| Exercise requirements |
The whole listing is to be written out again exactly; the pictures are not.

| Available data |
- Opening Delimiter -
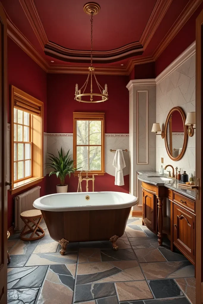 This should be best achieved using matte or satin-finish paint. Another way to add dimension is by using a burgundy wall that is textured. I normally add wood-framed mirrors, dark oak cabinetry and the soft warm lightings to enhance the quality of the redness. These features render the room lux moneyed and yet down to earth.
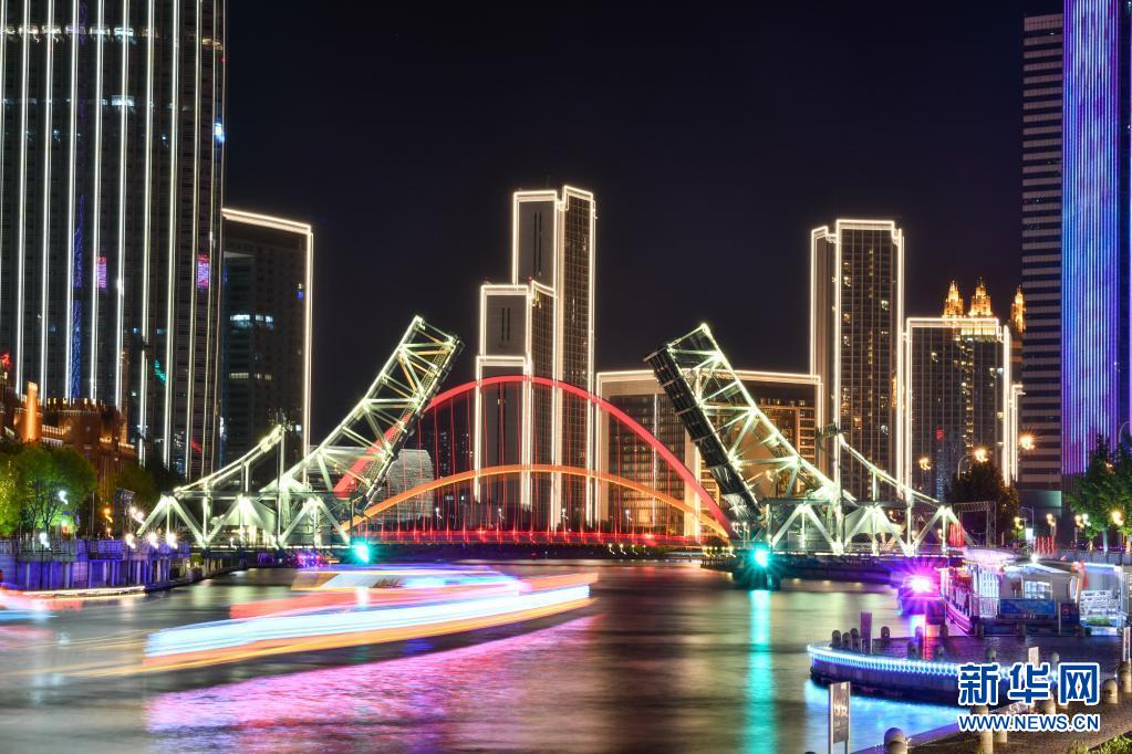 這是5月1日晚拍攝的天津解放橋景觀(長時(shí)間曝光照片)。新華社發(fā)(孫凡越 攝)
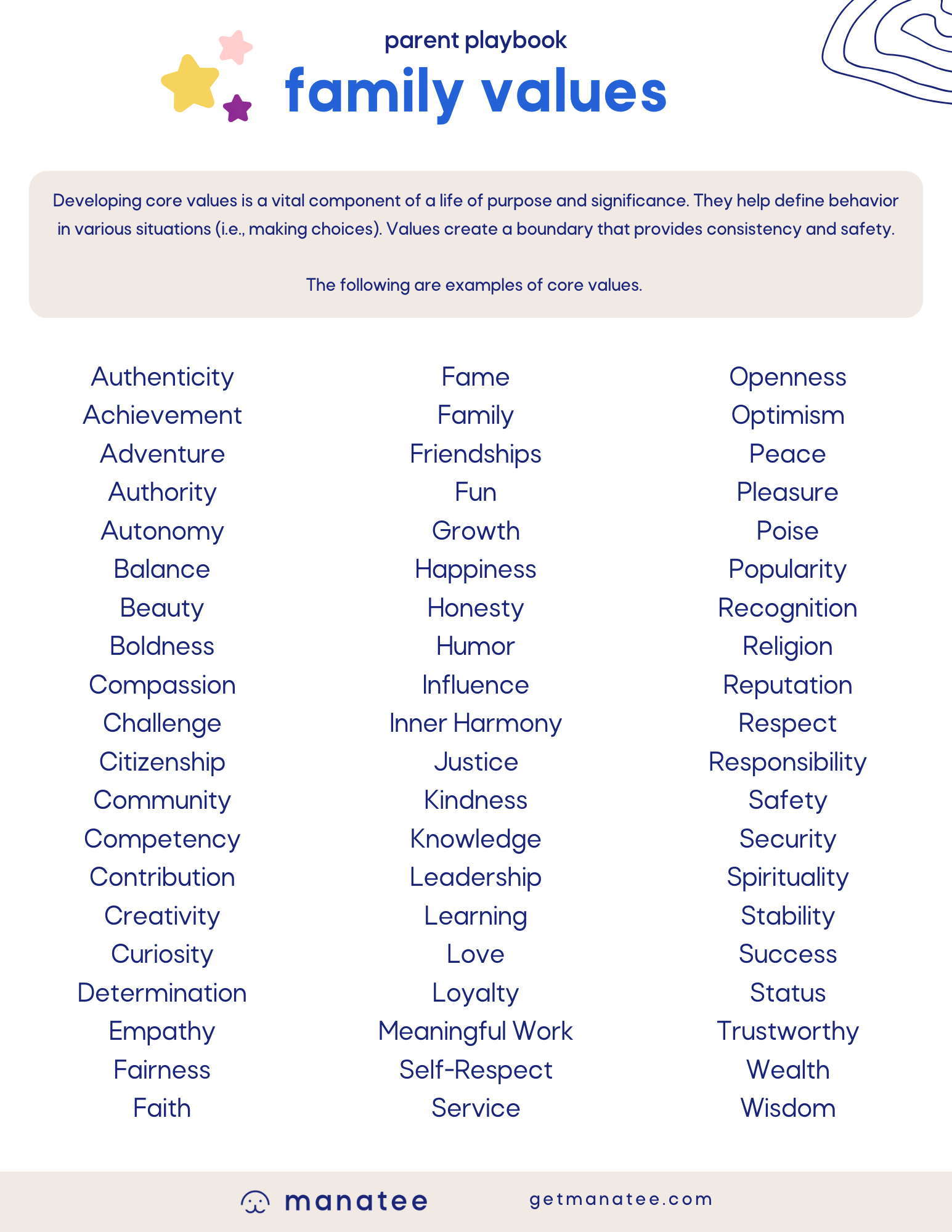 Family values are the principles and beliefs that guide your family. Aligning on your values as a family creates a shared sense of purpose that helps guide family decisions, rules, boundaries, and conflict resolution.
- Closing Delimiter -
| Written reply |
 This should be best achieved using matte or satin-finish paint. Another way to add dimension is by using a burgundy wall that is textured. I normally add wood-framed mirrors, dark oak cabinetry and the soft warm lightings to enhance the quality of the redness. These features render the room lux moneyed and yet down to earth.
 這是5月1日晚拍攝的天津解放橋景觀(長時(shí)間曝光照片)。新華社發(fā)(孫凡越 攝)
 Family values are the principles and beliefs that guide your family. Aligning on your values as a family creates a shared sense of purpose that helps guide family decisions, rules, boundaries, and conflict resolution.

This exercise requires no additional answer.